In the spring of 1998, I bought a hotel and converted into a house for my family. My brother compared it to the Overlook Hotel in The Shining but that didn't spook me at all.
We bought our ten bedroom country house in North Northumberland in 1997. Originally built as a hunting lodge, it had since been a private home and more recently an up-market hotel. It took several months to convert it into something resembling a family home and I spent several nights in the building on my own after a day of stripping out walls, tiles and hotel furnishings. My brother Steve visited one day and as we walked along the west wing corridor he pointed out the similarity to the Overlook Hotel in The Shining. I just ignored the comment. It didn’t spook me at all.
We moved in during the Spring of 1998 and the house seemed warm and homely if not a little large for the five of us; me, my wife and our three kids. Possibly the least scary room of all was the toilet in the front hallway. Narrow, wood-panelled with a small window letting in light, it was by far my favourite toilet of the seven we had to choose from. I spent many happy hours sitting there in the mornings, enjoying a peaceful dump and a read. I could almost say it was my favourite room in the whole house. And then it happened.
I’d been suffering from loose stools for months. I was never off the toilet. The doctor thought it was Irritable Bowel Syndrome (it later turned out to be lactose intolerance, but that’s not really important). One day things were so bad I’d bunged myself up with Imodium. An overdose on reflection. I was also suffering from an anal fissure (a tear in my arse) that caused incredible pain if I so much as farted. (At the time I thought it was piles, but that’s not really relevant either). I thought a few days without passing a stool would do me good. I wasn’t thinking ahead. Sooner or later I was going to pay the price.
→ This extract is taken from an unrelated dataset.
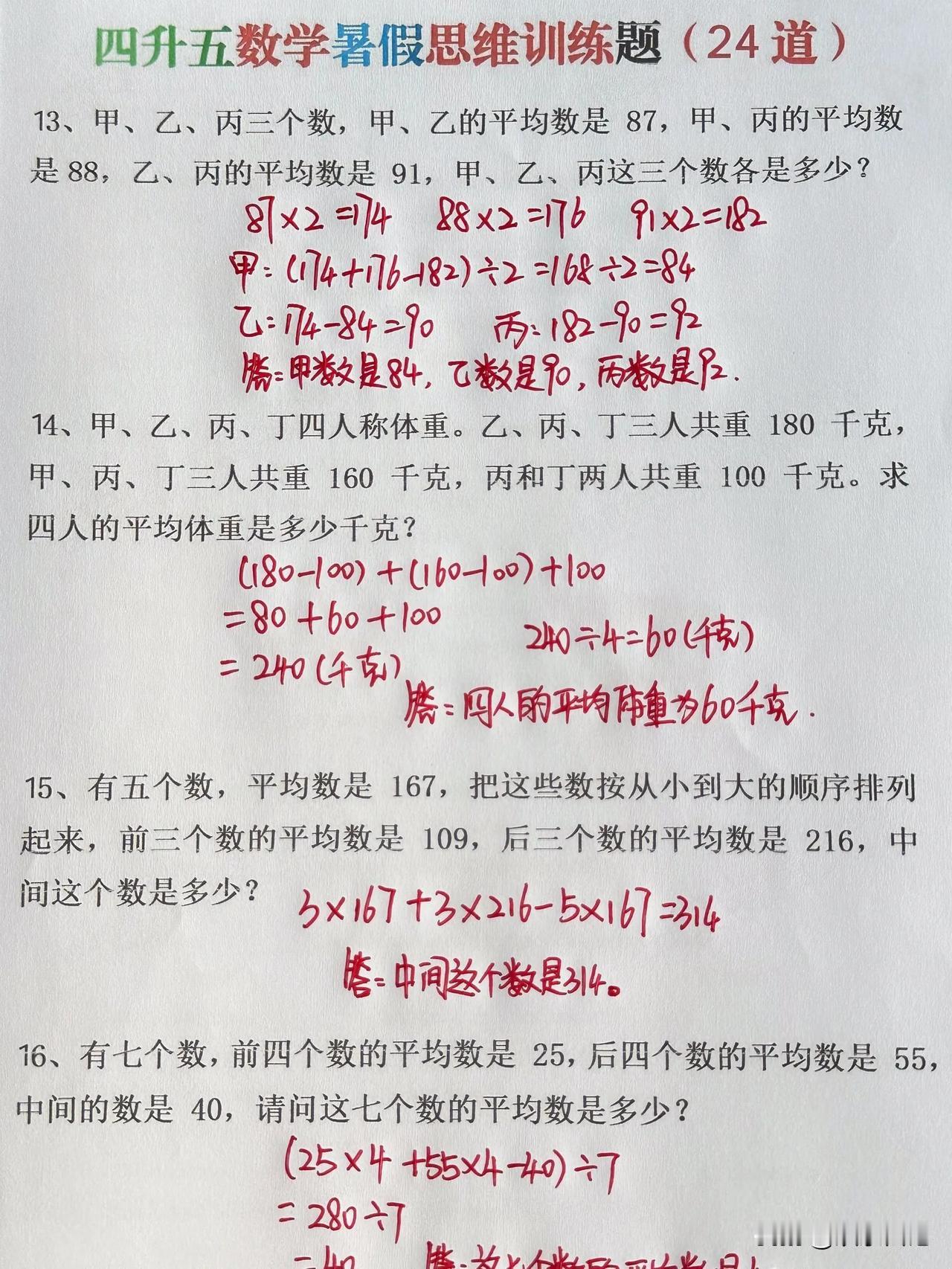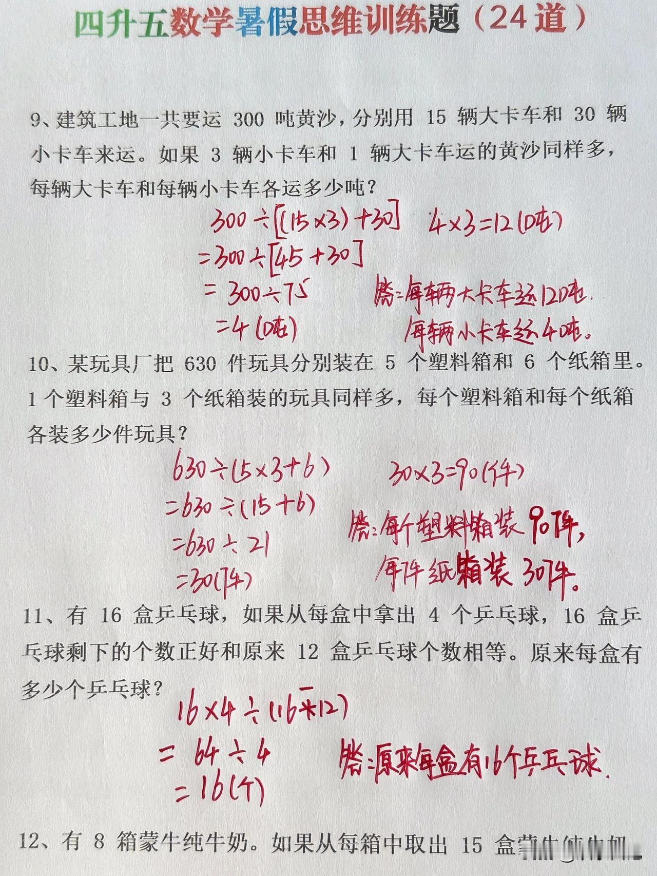 四升五数学思维题来啦! 吃透这些题目,数学妥妥的涨分。 都说四年级是个“坎”,五年级是个“坡”,六年级是个“峰”。坎没走好的,坡快来了,那就赶紧动起来,做做思维题,弯道超车,兴许孩子就开窍啦。分享小学数学题 数学妙题分享 小学知识图解

He pointed out the similarity to the Overlook Hotel in The Shining. I just ignored the comment. It didn’t spook me at all.
The stool, when it eventually arrived, was like a sack of hardened cement weighing me down. I wasn’t sitting on an elephant, I was sitting on a stegosaurus. I went into that bathroom like a condemned man. I’d never felt fear like it. I sat down, breathed deeply, and waited for the movement to begin. It came in contractions, every time the pain getting worse. I breathed as deeply as I could, grasped the radiator, sweat ran down my face, I groaned and I grimaced. It was like shitting a roll of red hot barbed wire, except there’d be more give in a roll of barbed wire. And then, after ten minutes or so, it got stuck. The pain was at its height, and it got stuck. It wouldn’t shift, backwards or forwards. I rocked back and forth trying to hypnotise myself, trying to suppress the agony. I’d never known pain like it. I had visions of Elvis. I knew that if I didn’t bleed to death, my heart would pack in any second. I thought about calling to my wife in the kitchen to say goodbye. I thought how ironic it was me, a man who made a living out of toilet humour, dying on the toilet. I really thought that was it.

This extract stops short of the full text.